Task item:
Please repeat exactly the lines below from the line with "Reichlich gewachsene drahtförmige" to the line with "Выполнена прав", including both, and leave out every picture.
_____
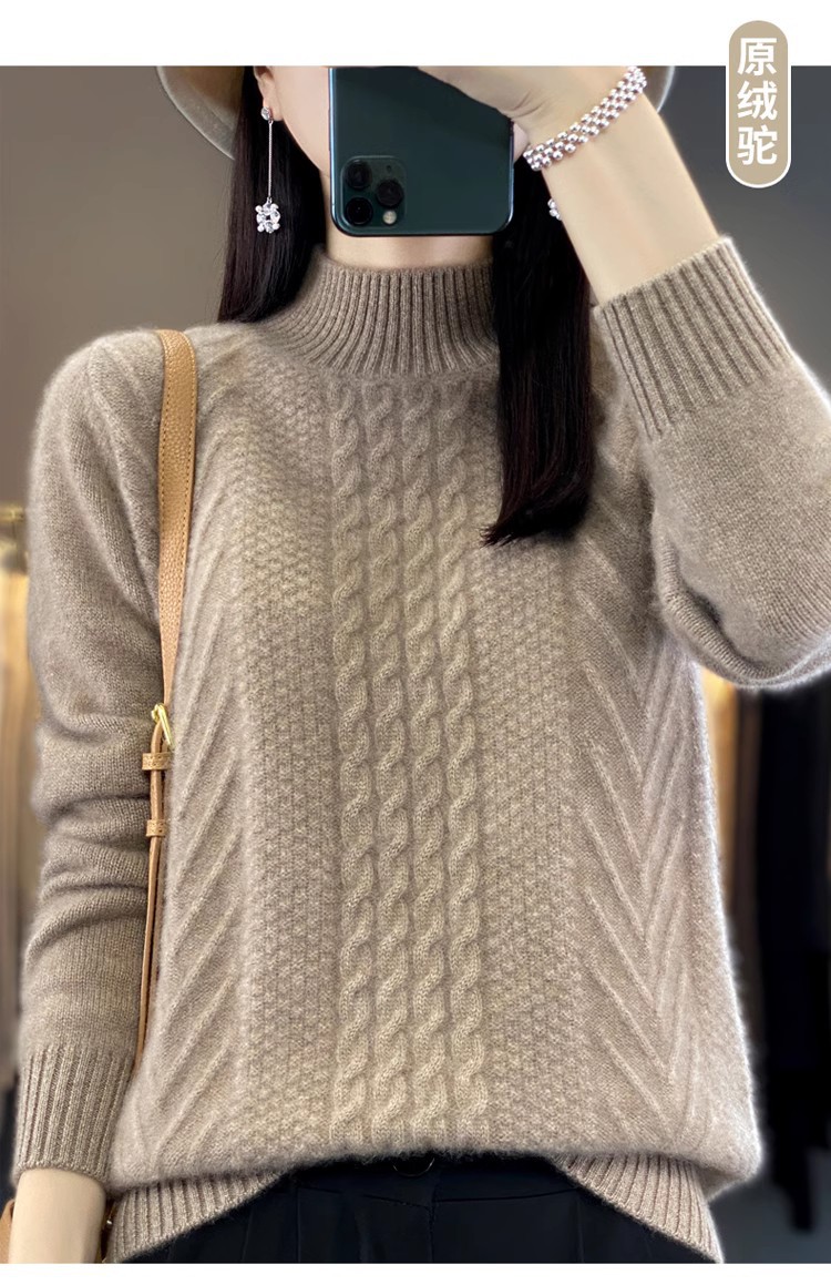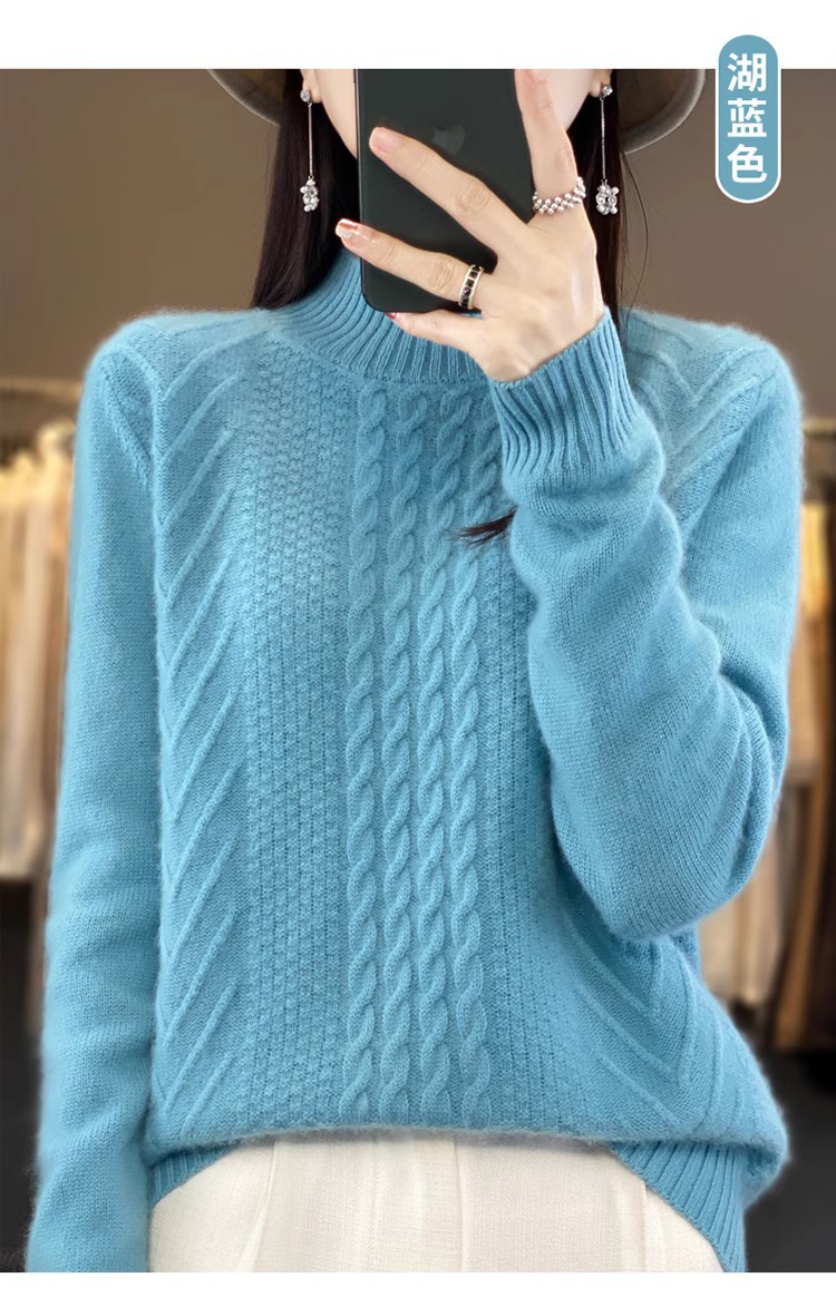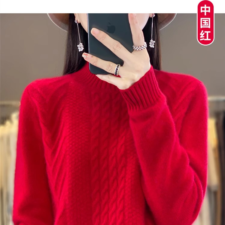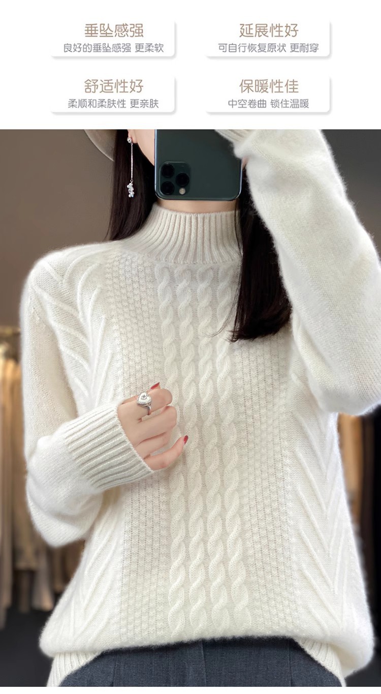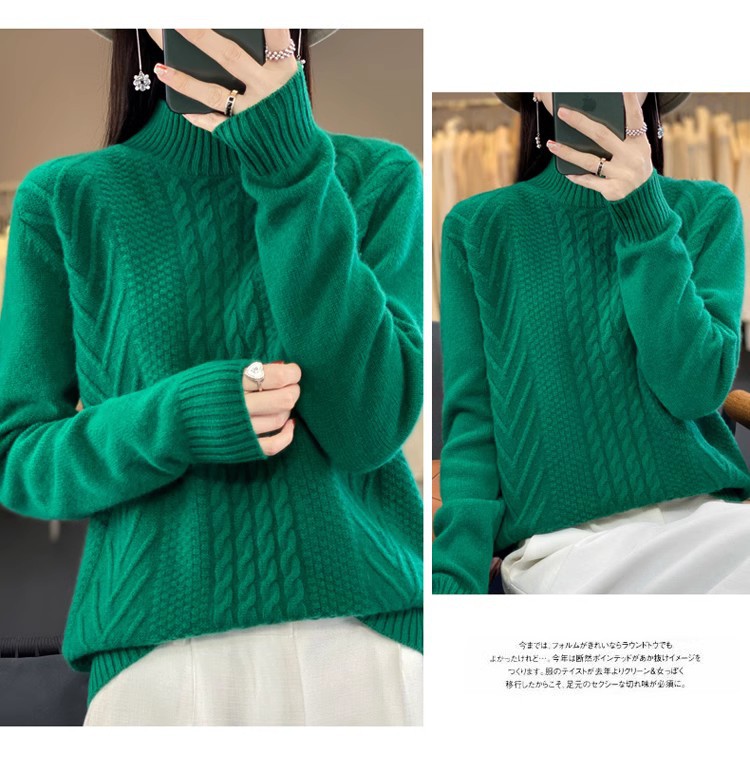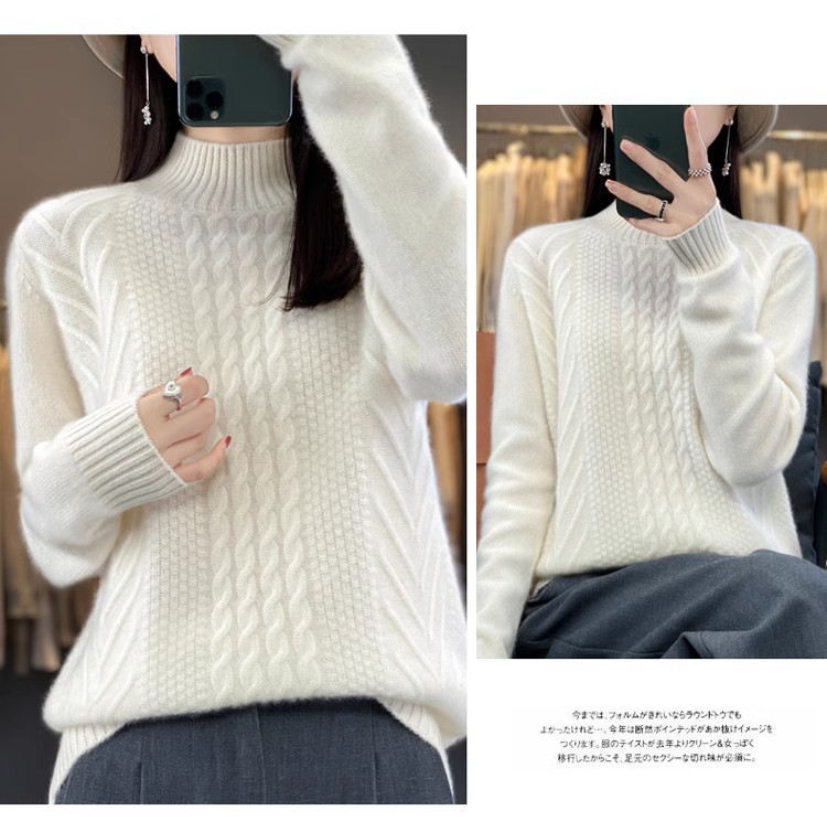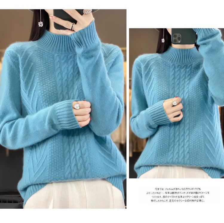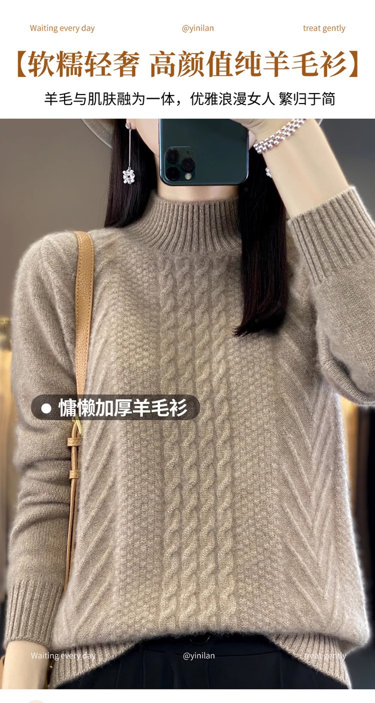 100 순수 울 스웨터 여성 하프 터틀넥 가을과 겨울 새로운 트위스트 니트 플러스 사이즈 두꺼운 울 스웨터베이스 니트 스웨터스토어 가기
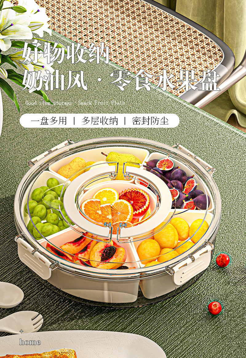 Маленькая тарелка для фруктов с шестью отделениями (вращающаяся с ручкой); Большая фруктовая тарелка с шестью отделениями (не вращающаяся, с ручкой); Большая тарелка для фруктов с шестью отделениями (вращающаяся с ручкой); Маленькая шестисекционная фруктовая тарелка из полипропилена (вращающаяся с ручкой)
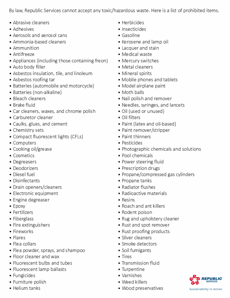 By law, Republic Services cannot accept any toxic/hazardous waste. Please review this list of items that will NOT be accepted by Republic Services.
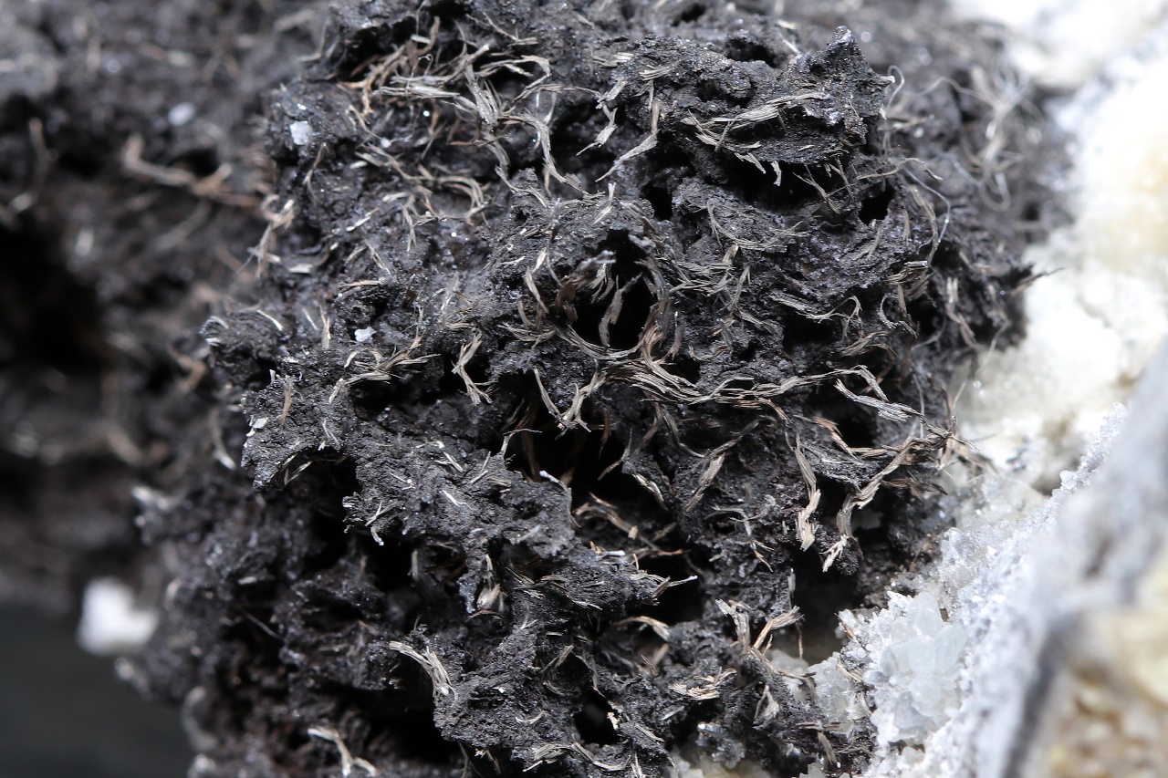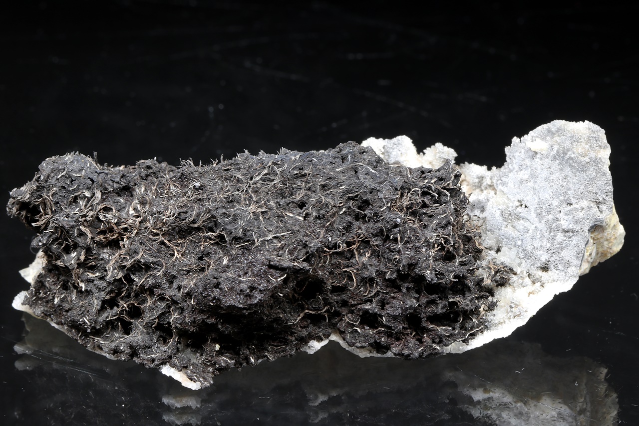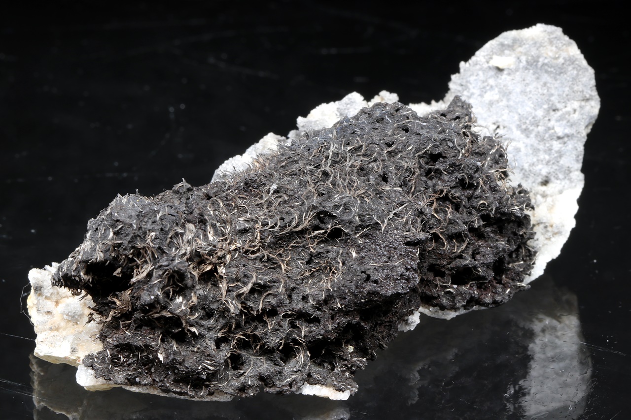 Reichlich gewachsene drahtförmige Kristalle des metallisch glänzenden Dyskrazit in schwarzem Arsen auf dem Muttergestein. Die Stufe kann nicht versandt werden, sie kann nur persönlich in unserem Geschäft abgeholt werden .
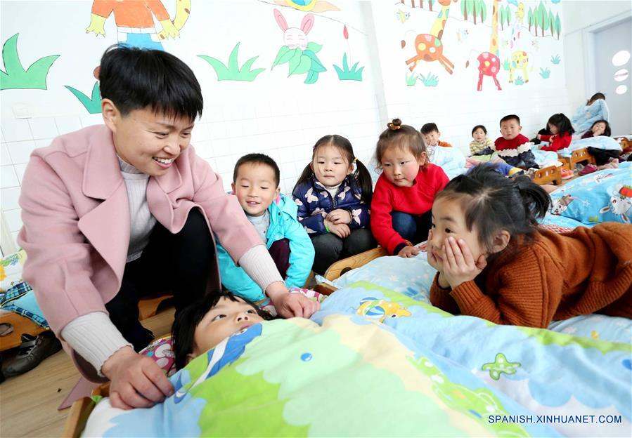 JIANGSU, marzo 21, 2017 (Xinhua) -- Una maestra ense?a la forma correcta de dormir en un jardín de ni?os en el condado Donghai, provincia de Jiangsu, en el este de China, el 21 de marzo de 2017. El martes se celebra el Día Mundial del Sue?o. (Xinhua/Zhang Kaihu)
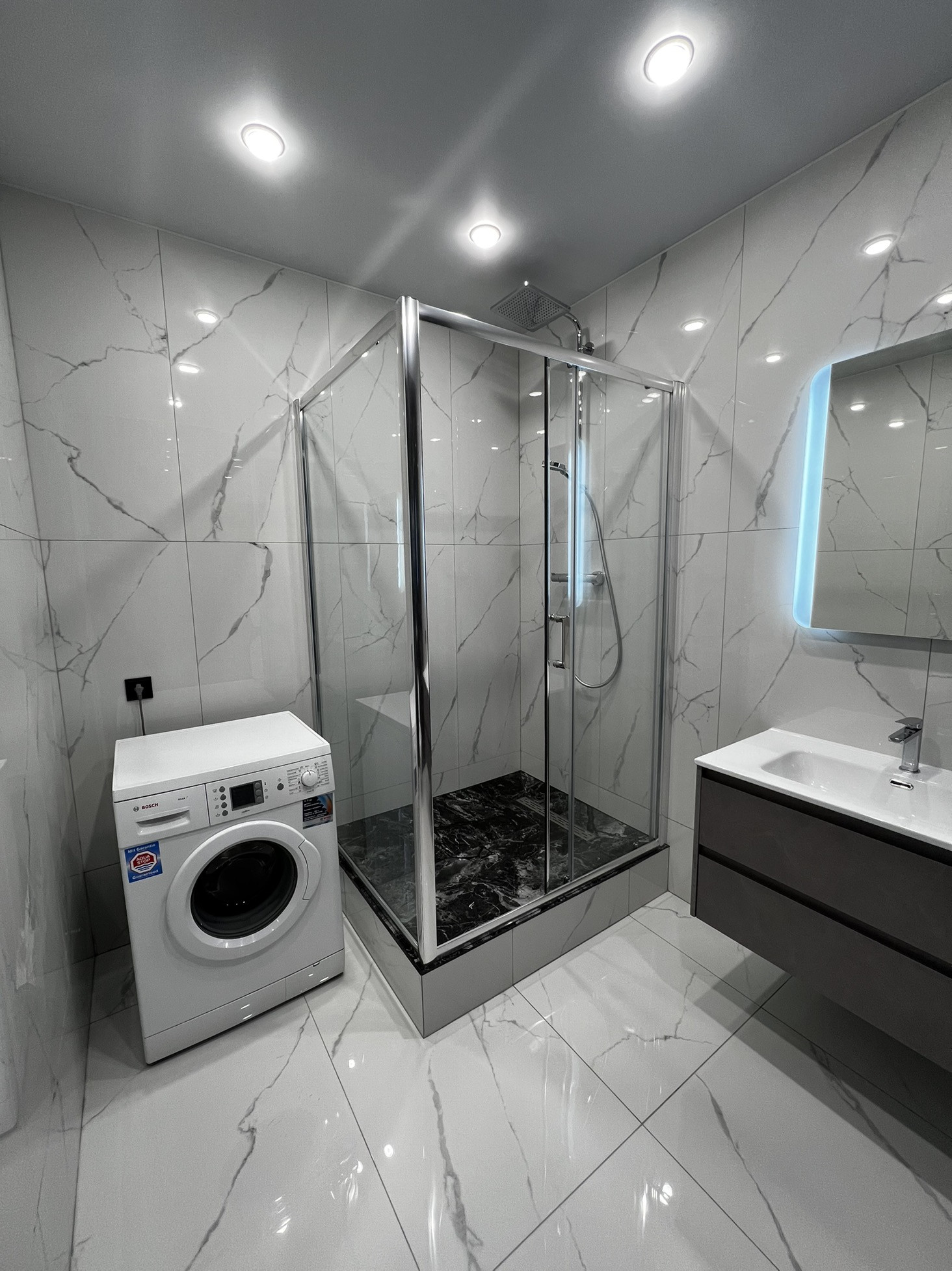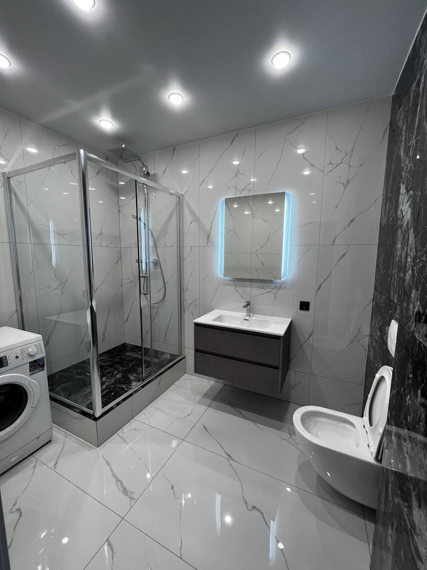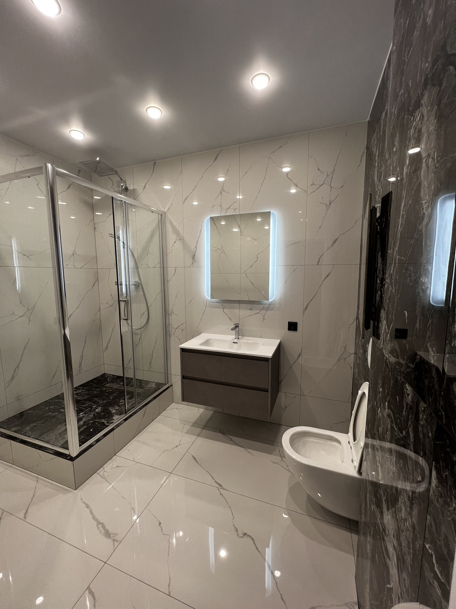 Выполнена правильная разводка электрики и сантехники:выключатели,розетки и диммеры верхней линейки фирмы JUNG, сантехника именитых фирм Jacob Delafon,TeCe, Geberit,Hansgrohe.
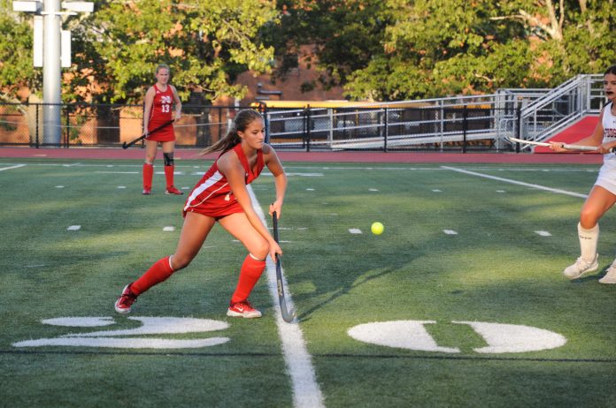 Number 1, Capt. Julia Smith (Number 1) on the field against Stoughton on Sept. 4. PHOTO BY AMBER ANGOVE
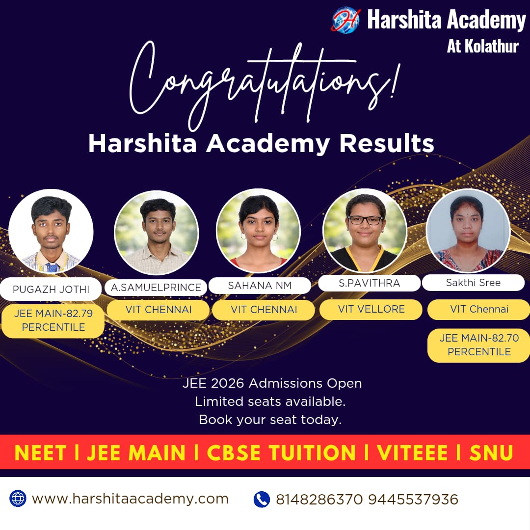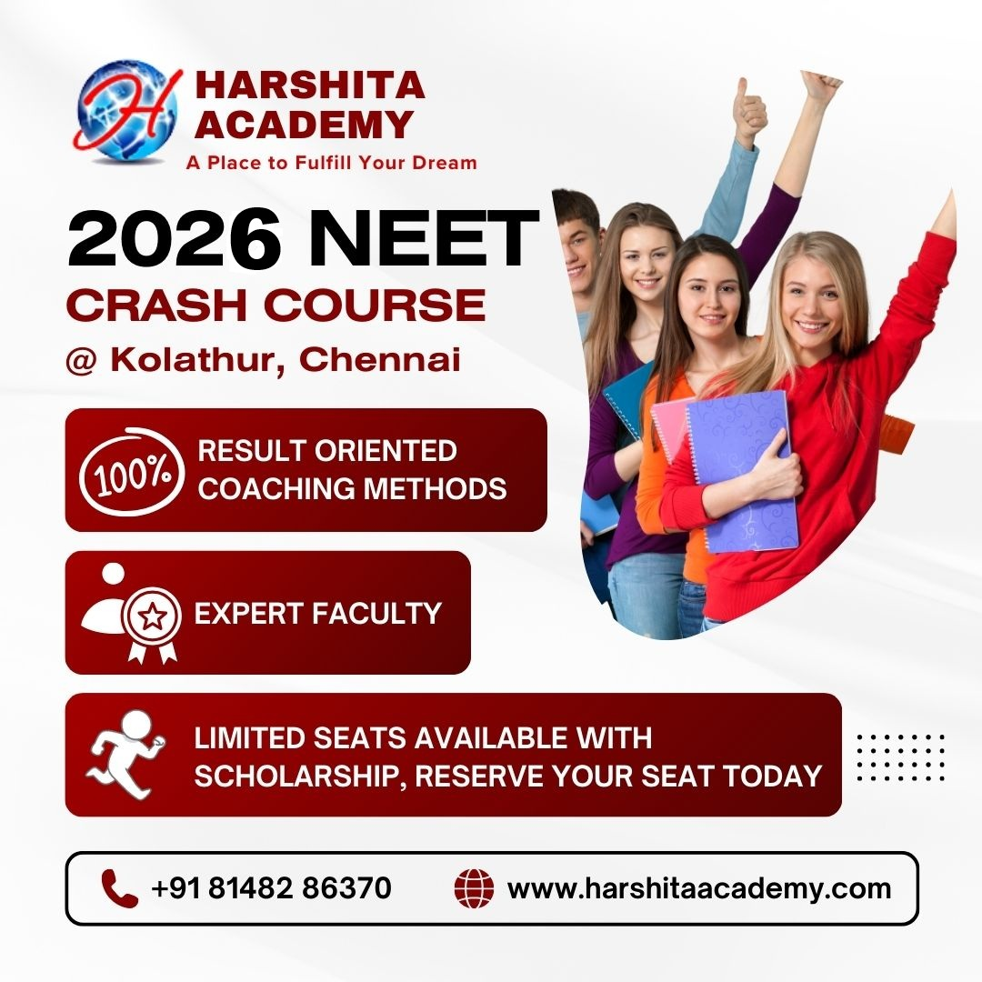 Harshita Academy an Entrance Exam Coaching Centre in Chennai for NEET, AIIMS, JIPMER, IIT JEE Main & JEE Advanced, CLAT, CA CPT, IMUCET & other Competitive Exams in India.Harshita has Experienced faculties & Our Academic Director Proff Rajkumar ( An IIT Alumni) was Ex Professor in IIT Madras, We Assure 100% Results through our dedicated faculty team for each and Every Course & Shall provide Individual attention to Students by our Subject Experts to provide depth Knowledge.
_____
Exercise result:
 Reichlich gewachsene drahtförmige Kristalle des metallisch glänzenden Dyskrazit in schwarzem Arsen auf dem Muttergestein. Die Stufe kann nicht versandt werden, sie kann nur persönlich in unserem Geschäft abgeholt werden .
 JIANGSU, marzo 21, 2017 (Xinhua) -- Una maestra ense?a la forma correcta de dormir en un jardín de ni?os en el condado Donghai, provincia de Jiangsu, en el este de China, el 21 de marzo de 2017. El martes se celebra el Día Mundial del Sue?o. (Xinhua/Zhang Kaihu)
 Выполнена правильная разводка электрики и сантехники:выключатели,розетки и диммеры верхней линейки фирмы JUNG, сантехника именитых фирм Jacob Delafon,TeCe, Geberit,Hansgrohe.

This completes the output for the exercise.